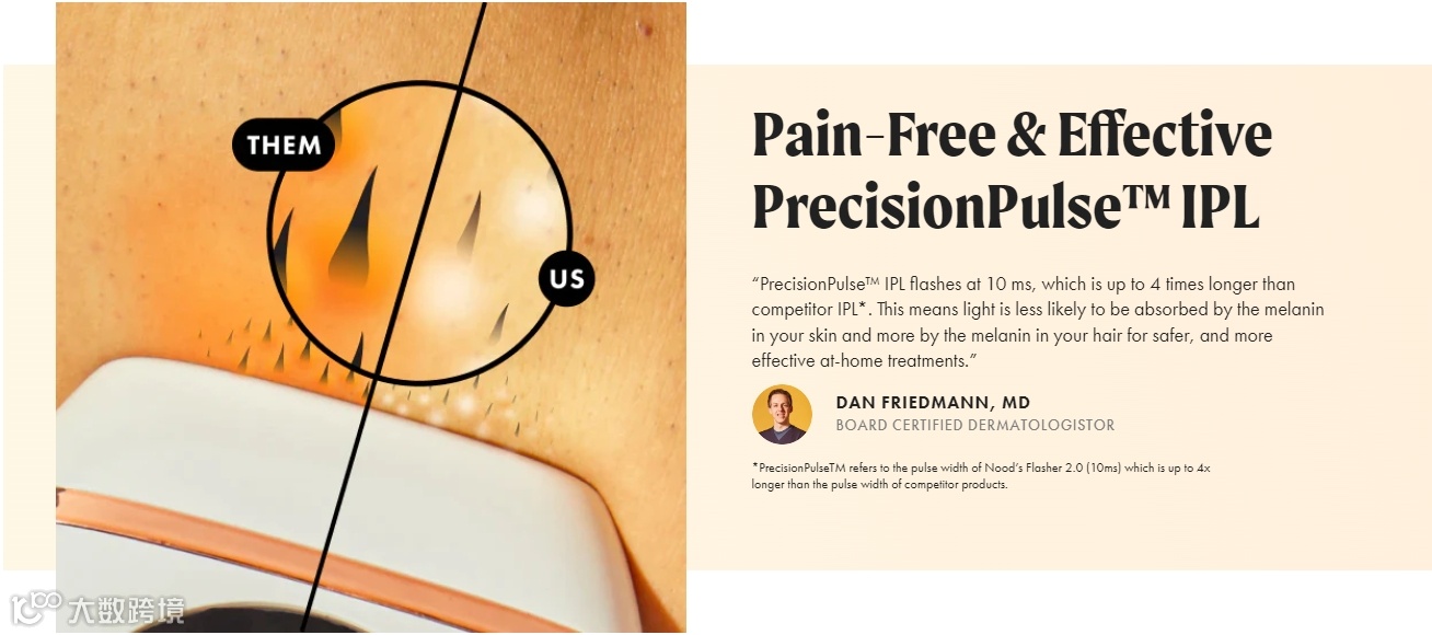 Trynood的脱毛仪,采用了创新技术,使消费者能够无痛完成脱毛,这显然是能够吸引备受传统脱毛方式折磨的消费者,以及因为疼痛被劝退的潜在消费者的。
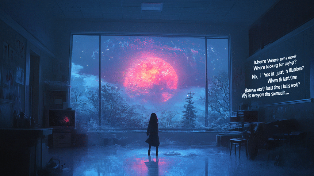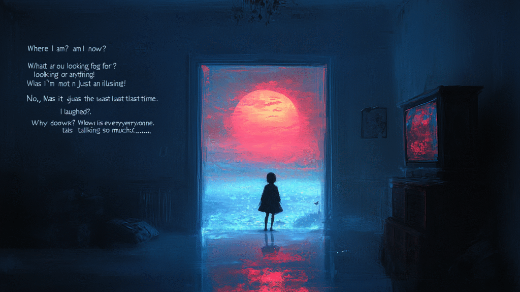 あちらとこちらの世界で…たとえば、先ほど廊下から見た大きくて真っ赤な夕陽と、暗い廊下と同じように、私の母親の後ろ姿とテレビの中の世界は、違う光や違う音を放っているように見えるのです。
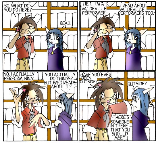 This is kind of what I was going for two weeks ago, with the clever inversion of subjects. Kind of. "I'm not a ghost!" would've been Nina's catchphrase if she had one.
##############################
Repeat the listing above verbatim, but exclude the pictures it contains.

Answer section>
 Trynood的脱毛仪,采用了创新技术,使消费者能够无痛完成脱毛,这显然是能够吸引备受传统脱毛方式折磨的消费者,以及因为疼痛被劝退的潜在消费者的。
 あちらとこちらの世界で…たとえば、先ほど廊下から見た大きくて真っ赤な夕陽と、暗い廊下と同じように、私の母親の後ろ姿とテレビの中の世界は、違う光や違う音を放っているように見えるのです。
 This is kind of what I was going for two weeks ago, with the clever inversion of subjects. Kind of. "I'm not a ghost!" would've been Nina's catchphrase if she had one.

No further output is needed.